[Data entries]
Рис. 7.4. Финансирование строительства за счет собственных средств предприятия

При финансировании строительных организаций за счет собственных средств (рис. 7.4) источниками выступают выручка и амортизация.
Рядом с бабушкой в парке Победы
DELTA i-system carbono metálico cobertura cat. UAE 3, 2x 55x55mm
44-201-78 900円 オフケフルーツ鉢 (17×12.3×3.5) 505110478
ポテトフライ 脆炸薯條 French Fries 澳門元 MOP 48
--
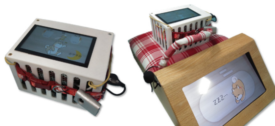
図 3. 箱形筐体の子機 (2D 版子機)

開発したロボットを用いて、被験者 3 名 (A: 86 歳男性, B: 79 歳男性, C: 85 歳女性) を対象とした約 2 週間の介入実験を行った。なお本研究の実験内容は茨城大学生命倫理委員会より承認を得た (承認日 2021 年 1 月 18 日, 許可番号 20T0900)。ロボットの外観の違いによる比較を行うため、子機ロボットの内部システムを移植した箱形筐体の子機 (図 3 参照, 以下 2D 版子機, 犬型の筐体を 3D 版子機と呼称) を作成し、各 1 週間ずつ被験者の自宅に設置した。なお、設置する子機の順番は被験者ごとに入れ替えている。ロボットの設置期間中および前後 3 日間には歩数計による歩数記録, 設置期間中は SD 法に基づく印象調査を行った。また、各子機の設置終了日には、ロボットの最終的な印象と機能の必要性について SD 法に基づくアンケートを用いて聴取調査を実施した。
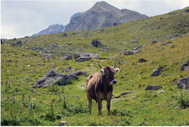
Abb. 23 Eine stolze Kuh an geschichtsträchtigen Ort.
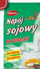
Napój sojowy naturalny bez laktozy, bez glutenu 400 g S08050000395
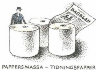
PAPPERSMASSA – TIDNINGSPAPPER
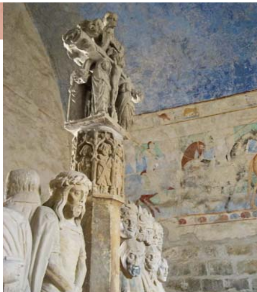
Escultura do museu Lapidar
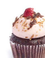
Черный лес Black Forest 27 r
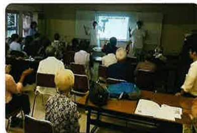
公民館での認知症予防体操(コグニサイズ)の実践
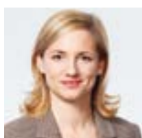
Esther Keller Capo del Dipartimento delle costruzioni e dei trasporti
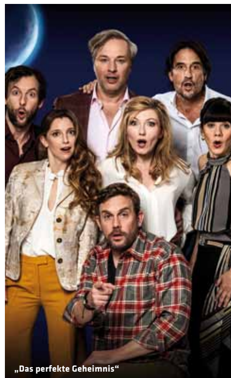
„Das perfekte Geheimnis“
...
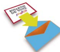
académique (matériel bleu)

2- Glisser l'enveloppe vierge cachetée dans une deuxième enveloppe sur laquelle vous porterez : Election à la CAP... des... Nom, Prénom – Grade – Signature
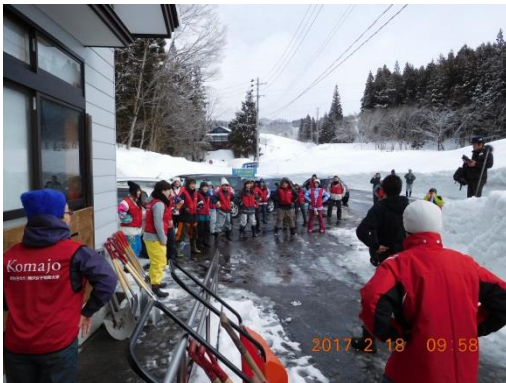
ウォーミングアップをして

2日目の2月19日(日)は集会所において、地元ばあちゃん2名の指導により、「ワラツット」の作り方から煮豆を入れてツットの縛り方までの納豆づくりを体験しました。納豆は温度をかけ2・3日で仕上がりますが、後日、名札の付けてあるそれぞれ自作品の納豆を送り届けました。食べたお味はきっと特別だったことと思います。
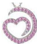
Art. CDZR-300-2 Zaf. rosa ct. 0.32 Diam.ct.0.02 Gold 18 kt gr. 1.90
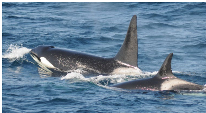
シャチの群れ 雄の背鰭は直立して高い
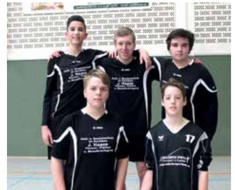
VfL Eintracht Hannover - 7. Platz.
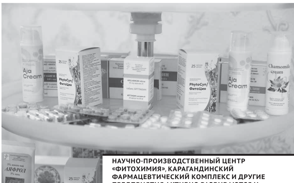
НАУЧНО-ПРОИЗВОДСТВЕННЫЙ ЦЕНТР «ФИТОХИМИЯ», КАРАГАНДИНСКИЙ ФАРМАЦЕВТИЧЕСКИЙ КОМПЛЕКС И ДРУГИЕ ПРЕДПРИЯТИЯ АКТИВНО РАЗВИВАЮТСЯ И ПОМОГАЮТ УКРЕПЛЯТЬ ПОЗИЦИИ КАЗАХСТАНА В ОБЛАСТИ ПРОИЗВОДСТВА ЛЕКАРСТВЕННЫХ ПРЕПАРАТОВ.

--- Instructions for the task ---
Could you set down, exactly as written, the lines above between the one holding "Рис. 7.4. Финансирование" and the one holding "Рядом с бабушкой в парке Победы", inclusive, and nothing more?

--- Answer below ---
Рис. 7.4. Финансирование строительства за счет собственных средств предприятия

При финансировании строительных организаций за счет собственных средств (рис. 7.4) источниками выступают выручка и амортизация.
Рядом с бабушкой в парке Победы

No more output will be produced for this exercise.